### Data to use
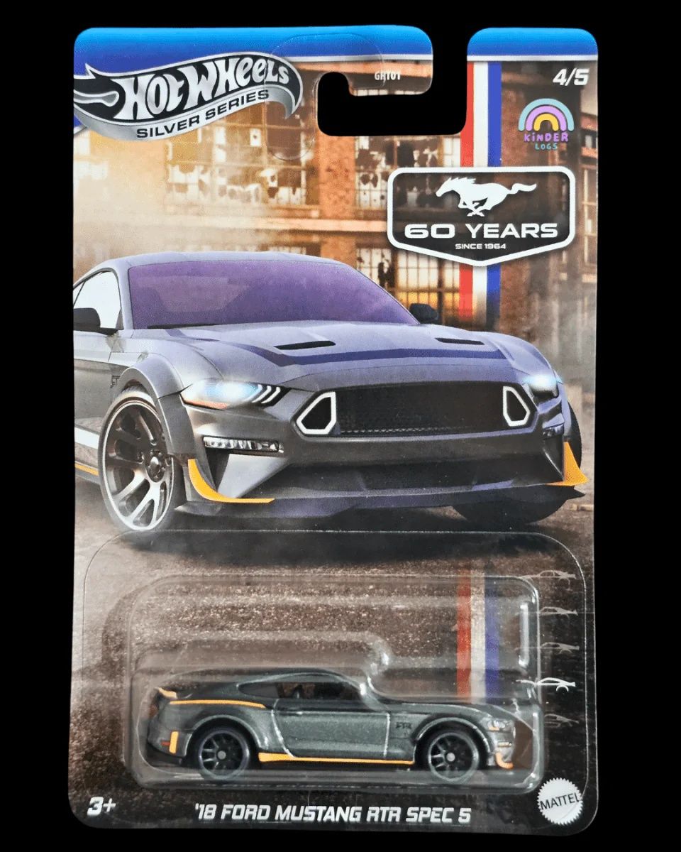 Hot Wheels '18 Ford Mustang RTR Spec 5 (Mã sản phẩm: JBY53/GRT01) là mô hình xe tỉ lệ 1:64, tái hiện chi tiết chiếc Ford Mustang RTR Spec 5 năm 2018. Sản phẩm này thuộc dòng Hot Wheels Celebrations, nổi bật với thiết kế bánh xe độc quyền và đồ họa nâng cấp, thu hút cả những nhà sưu tập chuyên nghiệp lẫn người yêu xe hơi
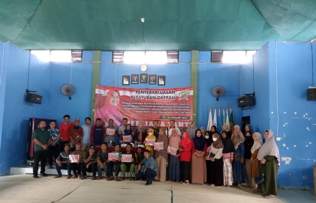 PENAJAM, kaltimonline.com – Anggota DPRD Kaltim Herliana Yanti mengajak masyarakat perangi narkoba dengan menggelar Penyebarluasan Peraturan Daerah (Perda) di Desa Labangka, Babulu, Penajam Paser Utara Minggu (29/1/2023).
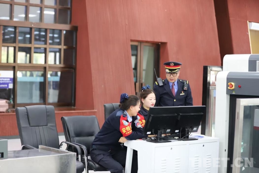 圖為拉薩火車站客運值班員任巨鵬(右)了解車站安檢動態(tài)
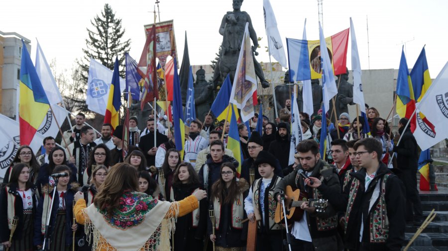 este o ordine aleatorie, dar prin ele, practic,  vreau să ajungă la dumneavoastră ceea ce vreau eu să transmit și ceea ce, cu siguranță, dumneavoastră credeți. (…) Despre țară: <<România este patria mea. Restul sunt doar țări>>- Octavian Paler. Despre dragoste de țară: <<Dacă nu aș fi român, aș trăi în România>>- Grigore Vieru (…); <<Unicul dor al vieții mele e să îmi văd națiunea mea fericită>>- Avram Iancu. (…) Despre unire și unitate: <<Dacă visul unora a fost să ajungă în Cosmos,  eu, viața întreagă, am visat să trec Prutul>> – Grigore Vieru. Despre demnitate și existență națională: <<Sau țara asta să fie într-adevăr românească, sau nici nu merită să fie>>- Mihai Eminescu. <<A renunța la românism înseamnă, pentru noi, românii, a renunța la viață, a ne refugia în moarte>> – Mircea Eliade. (…) Despre învățătură: <<Școală, cât mai multă școală, școală cât mai bună, școală cât mai românească >>- Constantin Anghelescu. Străinii despre noi: <<România? Da, îmi imaginez foarte bine: un steag care are la mijloc Roma și în jur numai raze>>- Victor Hugo. (…) Despre graiul nostru: <<Două lucruri am întâlnit pe lumea asta, zidite cu adevărat până la capăt: Biblia și limba română>> – Grigore Vieru.”- a spus prefectul Sebastian Cucu.
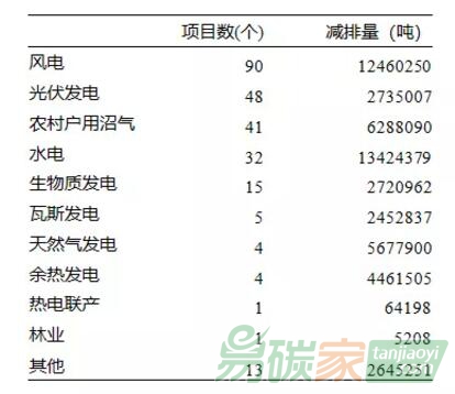 從項目類別看,已獲得減排量備案且材料公示的254個項目中,有第一類項目139個,合計備案減排量1890萬噸CO2e;第二類項目17個,備案減排量372萬噸CO2e;第三類項目98個,備案減排量3031萬噸CO2e。從項目類型看,風電、光伏、農村戶用沼氣、水電等項目較多,詳細情況如下圖所示:

### Exercise brief
Output exactly the lines from the one containing "este o ordine" through the last line of the records above, both included, and leave out the pictures.

### Task result
 este o ordine aleatorie, dar prin ele, practic,  vreau să ajungă la dumneavoastră ceea ce vreau eu să transmit și ceea ce, cu siguranță, dumneavoastră credeți. (…) Despre țară: <<România este patria mea. Restul sunt doar țări>>- Octavian Paler. Despre dragoste de țară: <<Dacă nu aș fi român, aș trăi în România>>- Grigore Vieru (…); <<Unicul dor al vieții mele e să îmi văd națiunea mea fericită>>- Avram Iancu. (…) Despre unire și unitate: <<Dacă visul unora a fost să ajungă în Cosmos,  eu, viața întreagă, am visat să trec Prutul>> – Grigore Vieru. Despre demnitate și existență națională: <<Sau țara asta să fie într-adevăr românească, sau nici nu merită să fie>>- Mihai Eminescu. <<A renunța la românism înseamnă, pentru noi, românii, a renunța la viață, a ne refugia în moarte>> – Mircea Eliade. (…) Despre învățătură: <<Școală, cât mai multă școală, școală cât mai bună, școală cât mai românească >>- Constantin Anghelescu. Străinii despre noi: <<România? Da, îmi imaginez foarte bine: un steag care are la mijloc Roma și în jur numai raze>>- Victor Hugo. (…) Despre graiul nostru: <<Două lucruri am întâlnit pe lumea asta, zidite cu adevărat până la capăt: Biblia și limba română>> – Grigore Vieru.”- a spus prefectul Sebastian Cucu.
 從項目類別看,已獲得減排量備案且材料公示的254個項目中,有第一類項目139個,合計備案減排量1890萬噸CO2e;第二類項目17個,備案減排量372萬噸CO2e;第三類項目98個,備案減排量3031萬噸CO2e。從項目類型看,風電、光伏、農村戶用沼氣、水電等項目較多,詳細情況如下圖所示:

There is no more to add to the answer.